Files
seaweedfs/weed/mount/weedfs_write_buffer_evict.go
Chris Lu bdebd63f7c fix(mount): evict writable chunks when writeBufferSizeMB cap is reached (#9091)
* fix(mount): evict writable chunks when writeBufferSizeMB cap is reached

Reported on #8777: fio 4k randwrite with --nrfiles=1000 on a weed mount
hangs indefinitely after ~1 second of activity, volume server QPS
drops to zero, and the test never makes progress beyond a few hundred
writes. A scaled-down local repro (4 jobs x 250 nrfiles x 40 MiB with
-chunkSizeLimitMB=32 -writeBufferSizeMB=10240) reproduced the hang
exactly: fio stuck in fio_state=SETTING_UP, mount idle, all writer
goroutines parked in page_writer.(*WriteBufferAccountant).Reserve
with n=0x2000000 (32 MiB).

Root cause: UploadPipeline.SaveDataAt reserves a full chunkSize slot
against the global WriteBufferAccountant the first time it allocates
a writable chunk for a given file. The reservation is released by
SealedChunk.FreeReference only after the chunk's async upload
completes, and chunks only move from writable to sealed when they
fill or when the file is flushed/closed. For 4k random writes with
small per-file data and iodepth holding files open, writable chunks
never fill and never close, so their slots are pinned forever. Once
openFiles * chunkSize exceeds writeBufferSizeMB, every new writer
blocks in Reserve's cond.Wait with no possible waker, a hard deadlock.
The user-visible symptoms (volume QPS=0, waited 30min, still running)
are exactly that state. In the reported config, 8 jobs * 1000 nrfiles
* 32 MiB = 256 GB of reservations against a 10 GB cap.

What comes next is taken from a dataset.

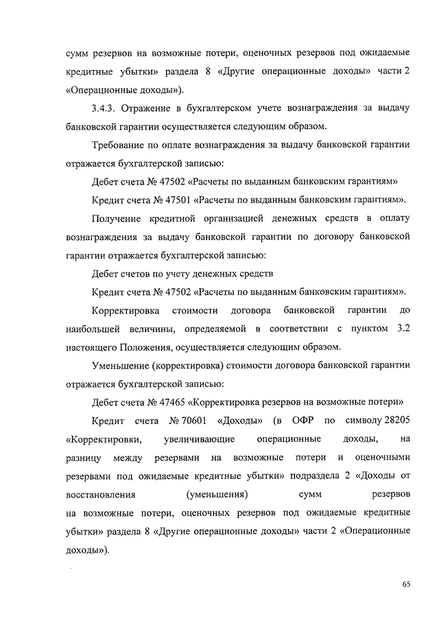 "О ПОРЯДКЕ ОТРАЖЕНИЯ НА СЧЕТАХ БУХГАЛТЕРСКОГО УЧЕТА КРЕДИТНЫМИ ОРГАНИЗАЦИЯМИ ОПЕРАЦИЙ ПО РАЗМЕЩЕНИЮ ДЕНЕЖНЫХ СРЕДСТВ ПО КРЕДИТНЫМ ДОГОВОРАМ, ОПЕРАЦИЙ, СВЯЗАННЫХ С ОСУЩЕСТВЛЕНИЕМ СДЕЛОК ПО ПРИОБРЕТЕНИЮ ПРАВА ТРЕБОВАНИЯ ОТ ТРЕТЬИХ ЛИЦ ИСПОЛНЕНИЯ ОБЯЗАТЕЛЬСТВ В ДЕНЕЖНОЙ ФОРМЕ, ОПЕРАЦИЙ ПО ОБЯЗАТЕЛЬСТВАМ ПО ВЫДАННЫМ БАНКОВСКИМ ГАРАНТИЯМ И ПРЕДОСТАВЛЕНИЮ ДЕНЕЖНЫХ СРЕДСТВ"

Fix: add a SetEvictor hook on WriteBufferAccountant. When Reserve
would otherwise block on the cond, it single-flights an evictor
callback that walks wfs.fhMap, picks the first open file handle with
a writable chunk, and force-seals its fullest writable chunk via a
new UploadPipeline.EvictOneWritableChunk. Force-sealing submits the
chunk for async upload on the existing uploader pool; the upload's
SealedChunk.FreeReference releases the global slot, broadcasts on
the accountant cond, and unblocks the waiter. The fullest-first
heuristic matches the existing over-limit path in SaveDataAt and
keeps us from thrashing on repeatedly re-sealing half-empty chunks.

The original #9066 motivation (cap global write-pipeline growth so
swap can't be filled while uploads stall) is preserved: Reserve
still blocks when the cap is actually exhausted by in-flight
uploads, and a failed evictor (no writable chunks to seal) falls
through to cond.Wait exactly as before.

Verified end-to-end in a privileged debian container running a
full master + volume + filer + weed mount stack. Against the
reporter's config shrunk to the same memory footprint (4 jobs x
250 nrfiles x 40 MiB, -chunkSizeLimitMB=32 -writeBufferSizeMB=10240):
  - baseline binary (master): fio stalls after ~320 writes, killed
    by timeout at 400s with io=1280 KiB and bw=2383 B/s.
  - patched binary: fio completes in 1.9 s at 82.8 MiB/s, all
    40,000 writes issued, 156 MiB written, rc=0.
page_writer unit tests still pass.

Touches: WriteBufferAccountant (SetEvictor + single-flight in
Reserve), UploadPipeline.EvictOneWritableChunk, DirtyPages
interface + the two existing implementers (ChunkedDirtyPages,
PageWriter), and a new weedfs_write_buffer_evict.go holding the
WFS.evictOneWritableChunk callback that walks fhMap.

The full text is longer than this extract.